The guidelines are contained in six new policies that the NPSC — the employer of the police officers— has introduced as part of police reforms.

The policies cover training, housing, counselling and chaplaincy, welfare and conflict of interest.


NPSC chairman Johnston Kavuludi said the draft policies would guide the operations and other critical aspects of the police service.

In line with the Public Officer Ethics Act, gifts received by police officers during work will be surrendered to the Inspector General. They will be considered as donations to the office.

Muhuri points out that officers have been psychologically neglected by their employer. Police officers who suffer trauma are rarely taken through counselling, which hurts their working experience.

In 2015, an officer who witnessed the murder of his colleagues, including OCPD Hezborn Otieno, in Changamwe, Mombasa county, broke down in court while he narrated the attack by a group of suspected Mombasa Republican Council members. The officer said the images traumatised him.

Other reasons identified by the organisation include officers receiving orders from their superiors to conduct operations in a particular manner. “When a junior officer receives orders to deal mercilessly with citizens, then we should expect brutality in the operations,” Changi says.

Oppression of junior officers by their seniors is also another reason for increased police brutality. Changi says juniors officers end up “taking revenging” on citizens instead.

Adapting to new workstations when transferred to harsh environments is also a difficulty that the servicemen and servicewomen face.

The officers’ own security has been threatened. They have been attacked and some killed by organised criminals on a revenge mission.

In July, a gangster attacked and killed an undercover officer in Kisauni.
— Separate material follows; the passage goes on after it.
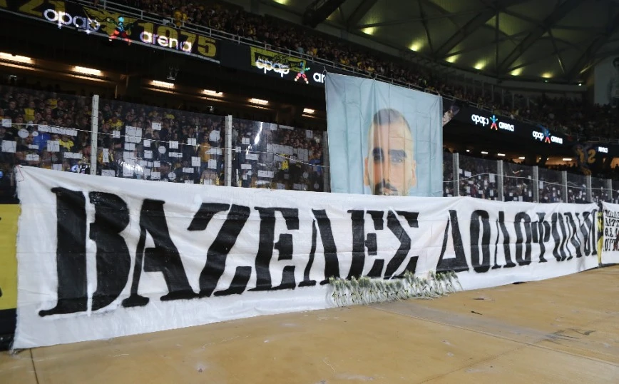 Έτσι, στο πέταλο της OPAP Arena σηκώθηκε ένα πανό που χαρακτηρίζει τους οπαδούς του Παναθηναϊκού «δολοφόνους και ναζί», όπως και ένα ακόμη στο οποίο υπάρχει αναφορά στις ομάδες με τις οποίες έχουν καλές σχέσεις οι οπαδοί των Πράσινων όπως και σε δολοφονίες που έγιναν στο παρελθόν.

The unidentified gangman stabbed the detective in the neck and back.

The victim and his colleague had been pursuing three gang members at Magodoroni in Kisauni, Mombasa county, when the attack happened.

In 2013, four police officers, including an OCPD and OCS of Changamwe police station, were killed by panga-wielding thugs.

OCPD Otieno, OCS Salim Kimutai, and officers Stephen Maithya and Andrew Songwa were killed when the gang raided the police station.

And while the officers are attacked and maimed, they have no one to speak out on their behalf.